In [6]:
import pandas as pd
import altair as alt

alt.data_transformers.disable_max_rows()

ufo_url = 'https://github.com/UIUC-iSchool-DataViz/is445_data/raw/main/ufo-scrubbed-geocoded-time-standardized-00.csv'
column_names = ["datetime", "city", "state", "country", "shape", "duration_sec", "duration", "comments", "date_posted", "latitude", "longitude"]
df = pd.read_csv(ufo_url, header=None, names=column_names)
df = df.sample(n=14000, random_state=42)
df['datetime'] = pd.to_datetime(df['datetime'], errors='coerce')
df = df.dropna(subset=['latitude', 'longitude', 'datetime'])

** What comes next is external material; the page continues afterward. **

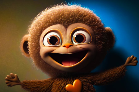 Cartoon monkey with big smile on his face. Generative AI.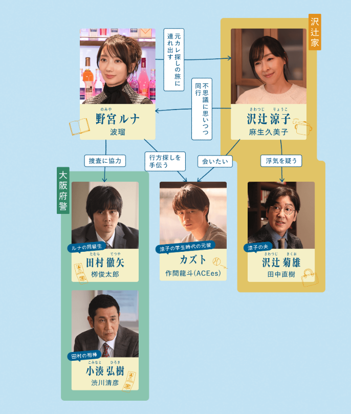 • 夫との再会: 浮気を疑っていた夫・菊雄の行動も、実は涼子を思うがゆえのルナへの相談だった。

scatter = alt.Chart(df).mark_circle(size=60).encode(
    x=alt.X('longitude:Q', title='Longitude'),
    y=alt.Y('latitude:Q', title='Latitude'),
    color=alt.Color('datetime:T', scale=alt.Scale(scheme='inferno'), title='Date of Sighting'),
    tooltip=[alt.Tooltip('datetime:T', title='Date & Time'),
             alt.Tooltip('latitude:Q', title='Latitude'),
             alt.Tooltip('longitude:Q', title='Longitude')]
).properties(
    title='Geospatial Scatter Plot of UFO Sightings',
    width=600,
    height=400
)

shape_counts = df['shape'].value_counts().reset_index()
shape_counts.columns = ['shape', 'count']

hover = alt.selection_single(on='mouseover', empty='none', fields=['shape'])

bar_chart = alt.Chart(shape_counts).mark_bar().encode(
    x=alt.X('shape:N', title='UFO Shape', sort='-y'),
    y=alt.Y('count:Q', title='Number of Sightings'),
    color=alt.condition(hover, alt.value('steelblue'), alt.value('lightgray')),
    tooltip=[alt.Tooltip('shape:N', title='Shape'), alt.Tooltip('count:Q', title='Count')]
).properties(
    title='Distribution of UFO Shapes',
    width=600,
    height=400
).add_selection(
    hover
)

scatter.save('scatter_plot.json')
bar_chart.save('bar_chart.json')

scatter & bar_chart

Deprecated since `altair=5.0.0`. Use selection_point instead.
  hover = alt.selection_single(on='mouseover', empty='none', fields=['shape'])
Deprecated since `altair=5.0.0`. Use add_params instead.
  ).add_selection(


# Viz1: Scatter Plot of UFO Sightings

Here, I provide a geospatial scatter plot wherein I plot the reported UFO sightings against their latitude and longitude coordinates. The map provides a spatial indication of where the sightings are occurring, and therefore it is easy for one to identify clusters and trends in different geographical locations. For the design, I employed quantitative encodings for both axes (longitude for x-axis and latitude for y-axis) to place each sighting on the map accordingly. I quantified the datetime variable as a temporal field with a sequential color scheme (inferno) that encodes sightings over time by mapping darker colors to more recent incidents and lighter colors to older incidents. On the analysis end, I broke up the raw date strings into actual datetime objects and excluded any records missing coordinate or date information for the sake of data integrity. While the story itself depends on tooltips to provide interactivity through the display of the precise date and coordinate information on hovering over any point, the latter function takes learning to another level by providing viewers with more context without taking up visual space.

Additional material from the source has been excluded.